LW: That’s really a good question. My world begins and ends with the student experience, and if I’m able to leave a legacy of a dynamic curriculum where our students are on every continent, in every state and making a difference in all the local communities, and we have as many students winning humanitarian awards as winning All-American awards, I’ll be a happy guy. For me, the whole student experience is about becoming a great citizen, a good citizen, a great mother or father and knowing that somewhere along the line in our lives, yours, there is going to be a first grader who is going to say, “I want to be like you.” When you’re the editor of a newspaper or off doing important things, some young person is going to say, “That’s the job I want.”

What would you say is at the top of your priority list as you get started here in your first year at SF State?

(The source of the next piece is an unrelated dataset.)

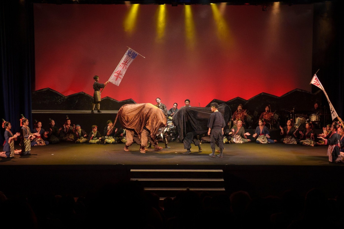 藩政時代から続く徳之島の伝統文化「闘牛」の様子を演じるシーン(写真提供=結シアター手舞)

LW: There is an end to this, a motive — in March we’ll be meeting with our accreditation people, and we’ll be talking about the future and how that finds some reality in the strategic plan. And so, between now and March, I want to talk with everyone about their aspirations. When I met with the provost council, that was my first comment to them that not only do we have to be ready for the accreditation, you have to make sure that I understand the future that you guys see. It has to resonate between all of us. I’ve asked the enrollment management people. I’d like to know who our aspirational peers are because, with accreditation, they typically benchmark you against your traditional peers. For me that’s not good enough. I want to know who we think represents best practices, the best kinds of things, and let’s benchmark ourselves against that group. That’s going to be a pretty involved discussion. Students should also be thinking about, “How can we can contribute to campus life now?” so that the freshman who shows up in 2018 goes, “It got started back in ’12. I’m experiencing a super campus because of the interactions between the students and the president back when he started.” So I’ve had to get that straight. It’s less about me defining the vision, and it really is about me making sure I am a catalyst for a new vision for San Francisco State.